ANNVILLE, PA (01/19/2018) Martin Luther King Jr. once said that 11 a.m. on a Sunday is "the most segregated hour in this nation" and research shows this still holds true. Historically, religion has played a role in advancing or rejecting racist regimes. On Tuesday, Jan. 30, at 11 a.m., representatives of local congregations will answer questions regarding the association between Race and Religion, the topic of the fourth Interfaith Dialogue this academic year.
Questions for the panelists will be selected from among the following: Does King's statement match your experience? What might be the reason for the phenomenon that King describes? What role does religion play in addressing racism?
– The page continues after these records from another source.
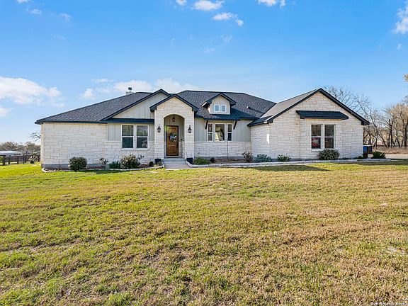 **Open House 4/6 1pm-3pm** Better than new home with 20x24 insulated shop, pool and beautiful finishes in La Vernia ISD! This home is a must see! Gorgeous 4bd/2.5ba home with a stone and board and batten exterior sitting on a spacious 1 acre lot. Upgraded light and plumbing fixtures throughout the home. Chef's kitchen with tons of custom cabinets and beautiful stone countertops. The giant island is perfect for holidays and entertaining. Lovely dining area that will accommodate a large dining table set. Open concept living with a spacious living room that has an amazing view of the backyard through the picture windows and a lovely floor to ceiling stone wood burning fireplace. Escape to you master suite that is spacious and features a spa style bathroom with walk in shower, soaking tub, his and her vanities and two walk-in closets. Secondary bedrooms are spacious, all have walk-in closets and huge windows for lots of natural light. Secondary bathroom has double vanities and separate shower/water closet. Wait until you see this backyard...hours of family fun will be had running barefoot through the grass, enjoy cooling off this summer in the top of the line above ground pool with brand-new deck, great views and a garden area. All the extra storage you need in the detached metal shop that has electric, two roll up doors and has been insulated. Fully fenced backyard and sprinkler system. Home has a whole house water filtration system and water softener. This move in ready home is a must see! Call today for more info!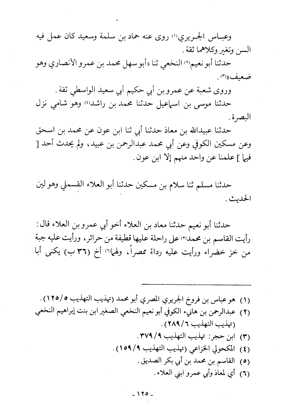 وَعَبَّاسٌ الْجَرِيرِيُّ [1] رَوَى عَنْهُ حَمَّادُ بْنُ سَلَمَةَ وَسَعِيدٌ كَانَ عَمِلَ فِيهِ السِّنُّ وَتَغَيَّرَ وَكِلَاهُمَا ثِقَةٌ.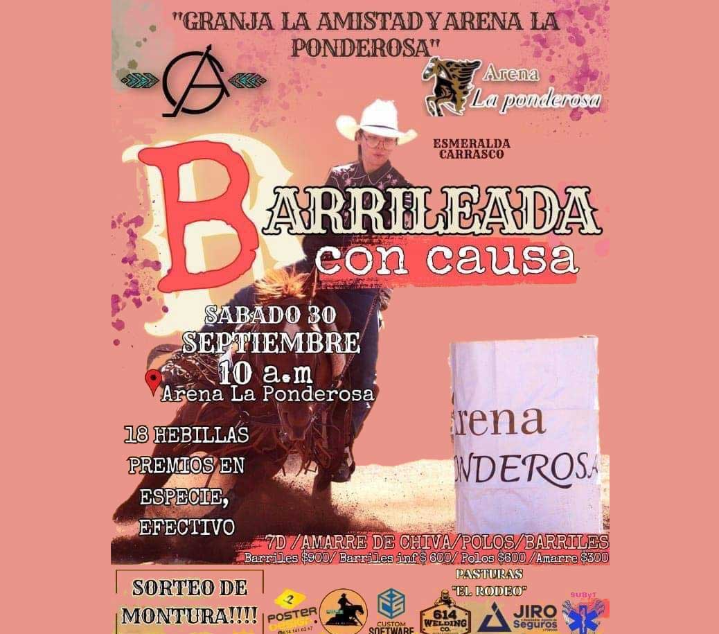 CHIHUAHUA CHIH.- Granja La Amistad y La Arena La Ponderosa, invitan este 30 de septiembre “Barrileada en beneficio de la joven Esmeralda Carrasco”, para gastos hospitalarios.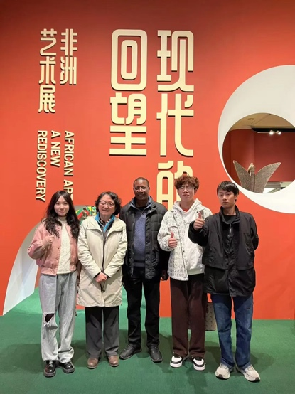 斯语专业师生陪同姆万吉教授赴天安门广场、首都博物馆等地参观,前往清华大学参观“现代的回望”非洲艺术展,并与韩蓉员工亲切交流。韩蓉女士是北外斯语专业1964级员工,坦桑尼亚国家马孔德艺术协会秘书长,长期从事非洲艺术的推广和研究,曾获得坦桑尼亚政府颁发的“友好奖状”。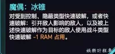 如果你沒看懂這一堆技能說明在表達什麼,那我可以解釋一下。快速破解一共分四類:控制、隱蔽、戰鬥、終結。佇列入侵允許你一次性向單一目標上傳兩個快速破解,它們會按釋放順序先後生效。而如果第一個破解是控制或隱蔽破解,後續銜接的戰鬥破解+60%傷害(嵌入開發效果)並且費用-1(冰錐效果)。只需要先花2ram釋放一個一階的義眼重啟,後續銜接的義體過熱靠著60%的傷害加成可以一口氣燒死非骷髏頭的小兵。這個階段的駭客已經有了不俗的正面戰力,但如何對付骷髏頭精英又成了新的問題。要知道,對骷髏頭精英使用的快速破解RAM消耗全部要+2,對boss級目標則要+5。對於它們,我的建議是使用記憶擦除。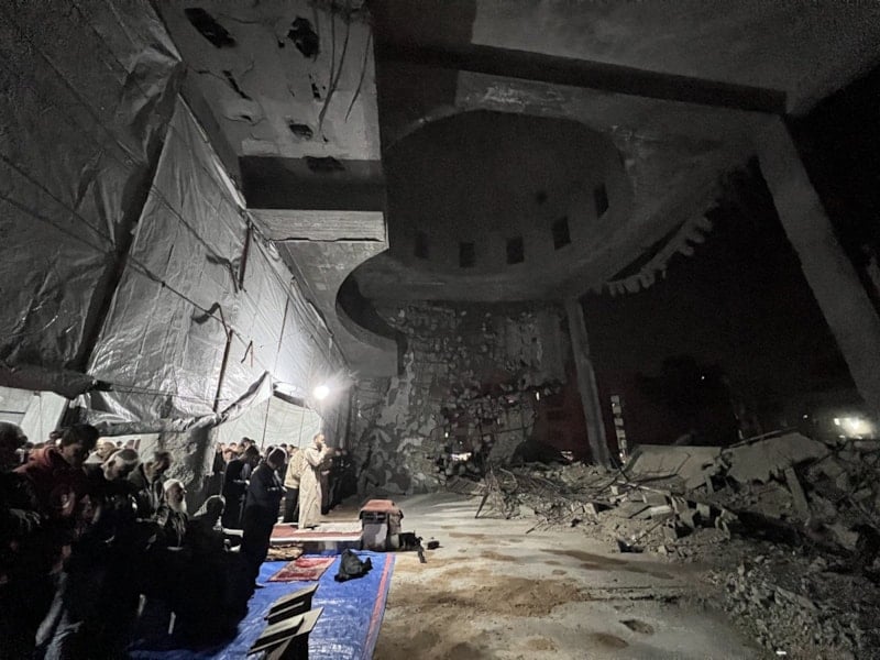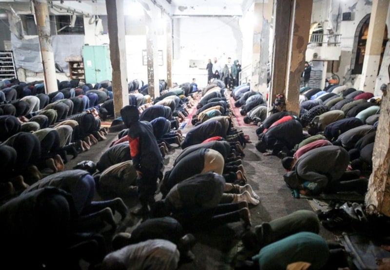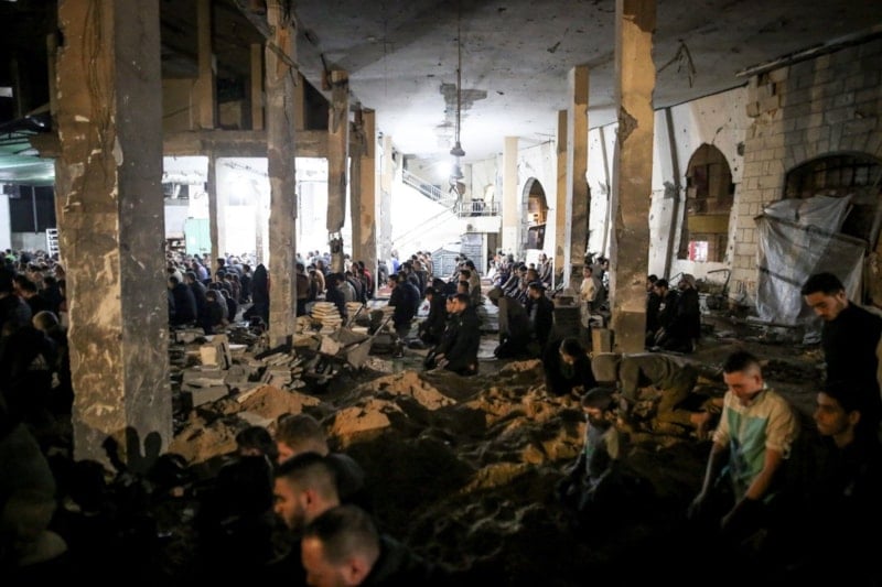 Gazzeliler, İsrail saldırılarında yıkılan ya da ağır hasar gören camilerin bulunduğu alanlarda ve kurulan çadır mescitlerde ilk teravih namazı için bir araya geldi. Önceki yıllarda cami avlularını ve meydanları dolduran kalabalıkların yerini, sınırlı sayıdaki ibadet alanında toplanan cemaat aldı.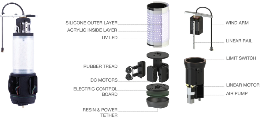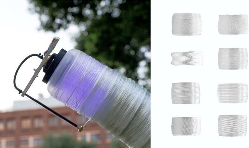Fiberbots хоть и не похож на паука, но выполняет аналогичную работу – обматывает, будто жертву, основание детали тонкой стекловолоконной нитью. Она поступает вместе с клейкой смолой, чтобы сразу формировать устойчивую плетеную структуру, причем узор плетения может весьма разниться. Когда слой готов, робот спускает мембрану, из которой сделано основание, перемещает себя на конец детали, надувает мембрану и начинает ткать новый участок, который представляет собой единое целое с предыдущим.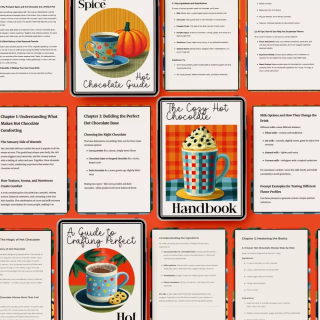 • The Cozy Hot Chocolate Handbook – Your go-to guide for crafting classic hot chocolate, including tips on how to make comforting hot chocolate from scratch, with ingredients you already have at home.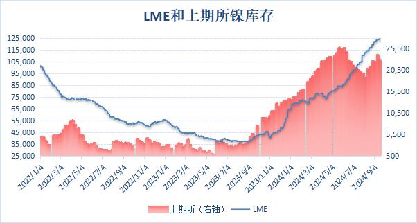 上期所公布的數(shù)據(jù)顯示,9月20日當(dāng)周,滬鎳庫(kù)存有所回落,周度庫(kù)存減少4.87%至22,845噸。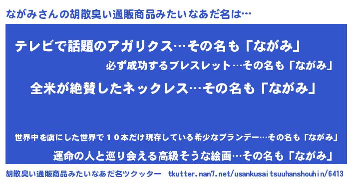 | 意味不明あだ名 | 『とにかく怪しいながみ』『自称ながみ』 |
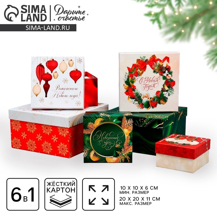 Набор подарочных коробк 6 в 1 «Новогодний подарок», 10 х 10 х 6 – 20 х 20 х 11 см, Новый год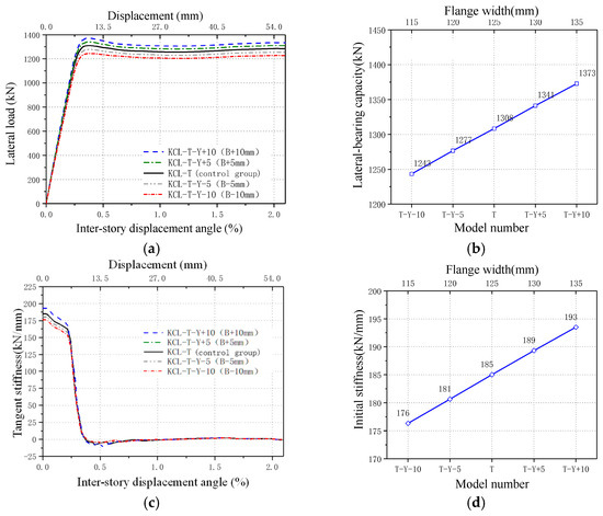 Pushover analysis results of the SGSW with different flange width: (a) Horizontal load–displacement curve; (b) Comparison of lateral load bearing capacity; (c) Tangent stiffness–displacement curve; (d) Comparison of initial stiffness.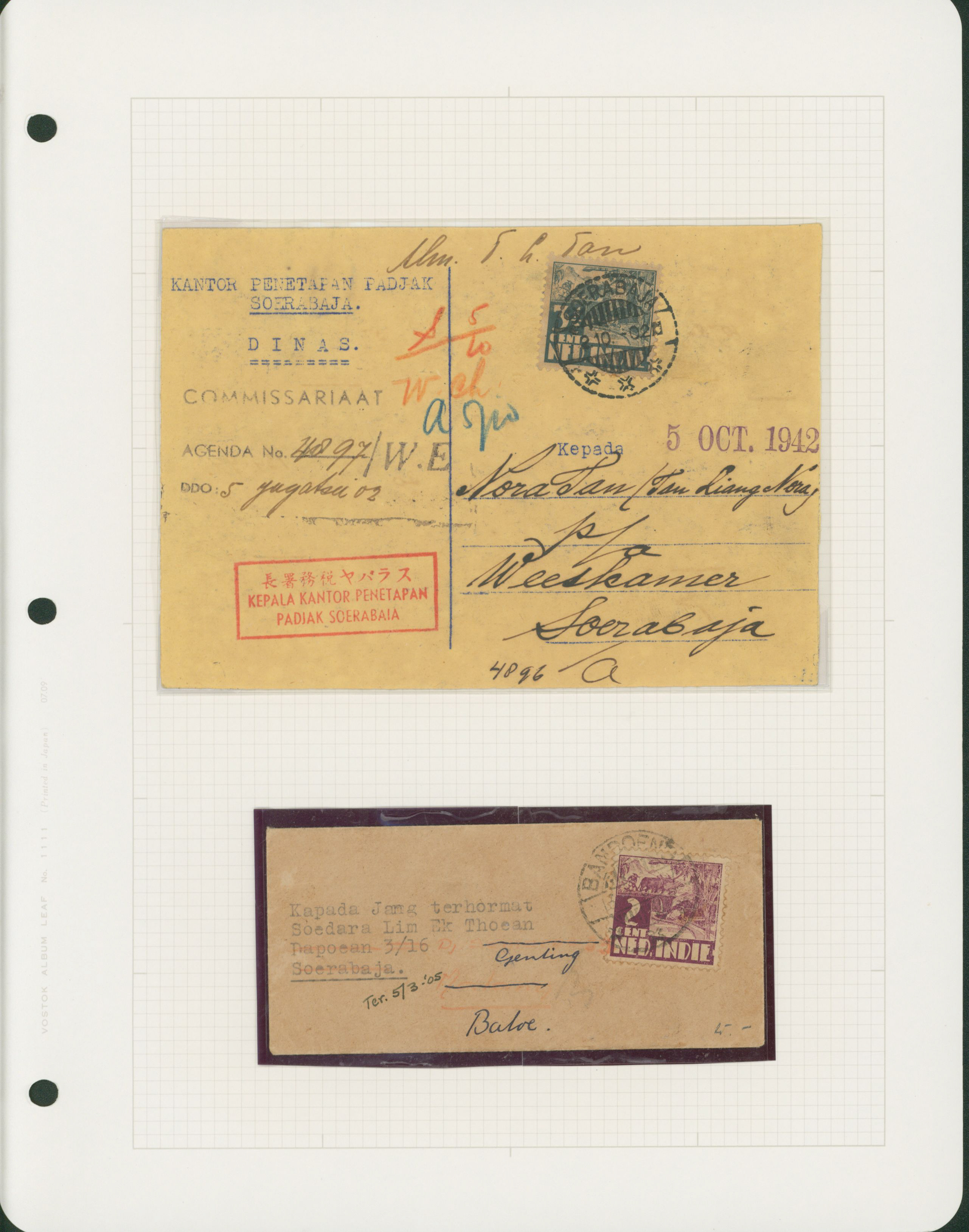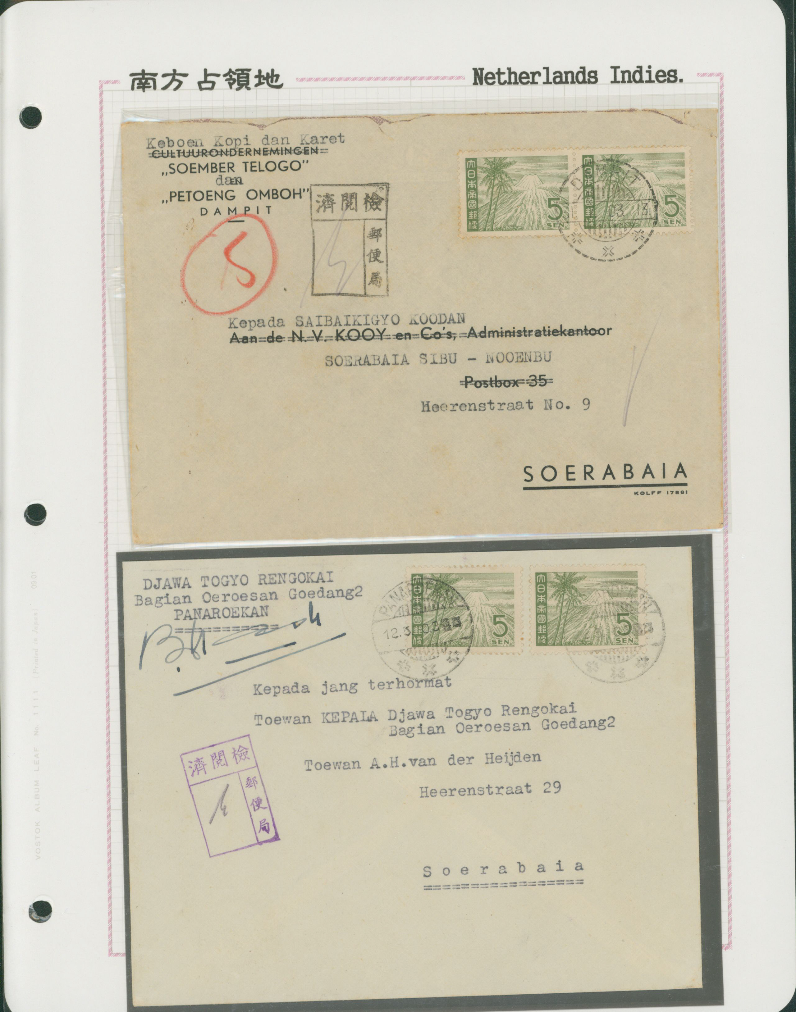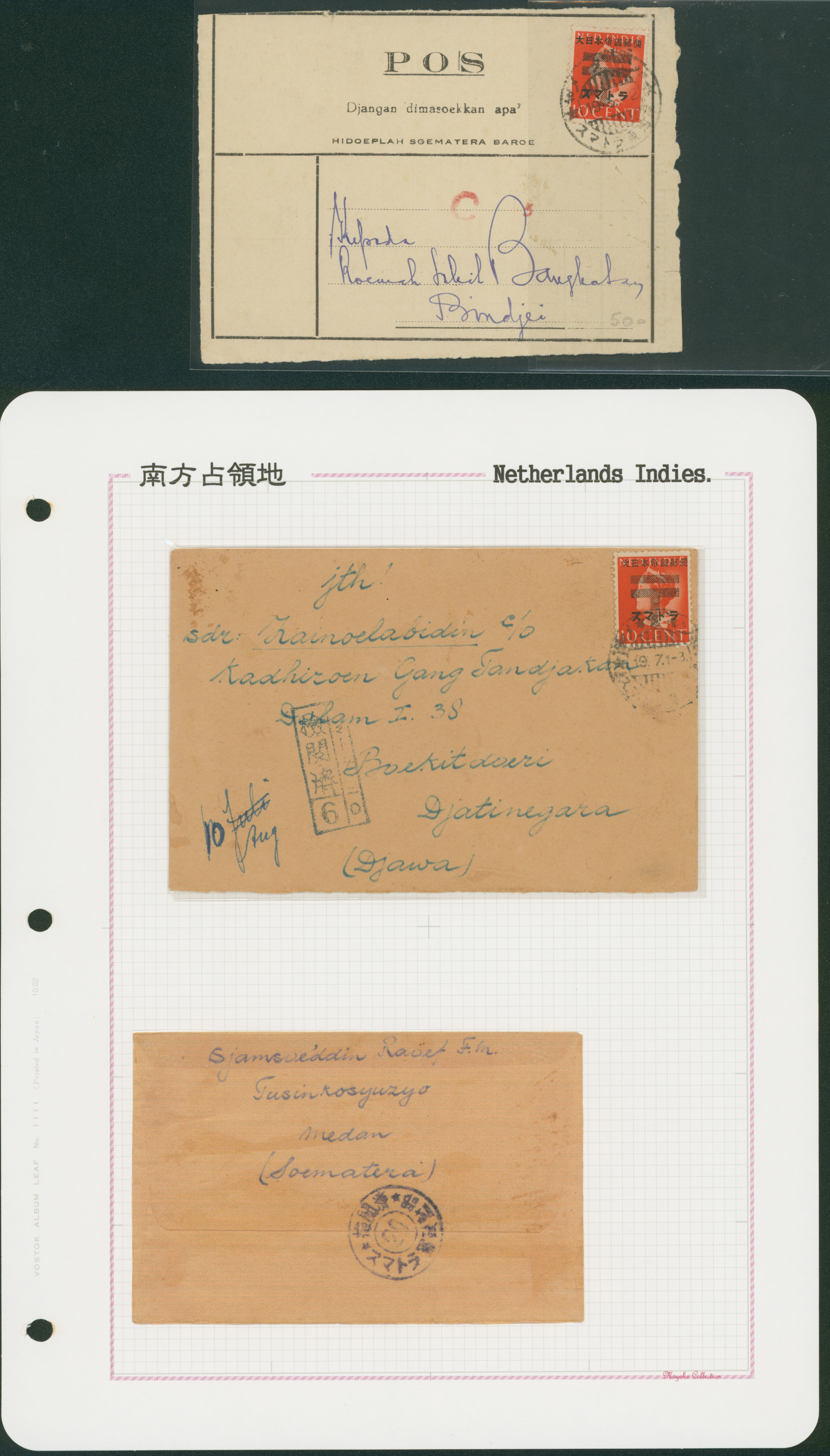650 11S66(2) imageNed. Indies Sumatra 10c , 2 covers single franking including 1 front censored (Image1) (Image2) (All Images)

What do we make of the fact that the Bible was used to justify slavery and call for its end? Why is Jesus most often portrayed as a white man? What role does your religious/worldview identity play in your understanding of race relations in modern America? What do we make of the fact that Bonhoffer and Hitler were Christian? Why is Christianity not to blame for the KKK, but Islam is for al Qaida? What role do American ideas of race play in our understanding of Islam in the current moment?
Unfortunately, it will be impossible for the panelists to address all these questions within the time allotted for the dialogue. However, isn't it important for all of us to answer them for ourselves? Shouldn't we all try to find answers or credible explanations, either by reflecting on our own beliefs, by looking back at what history can show us, or look more attentively at our society?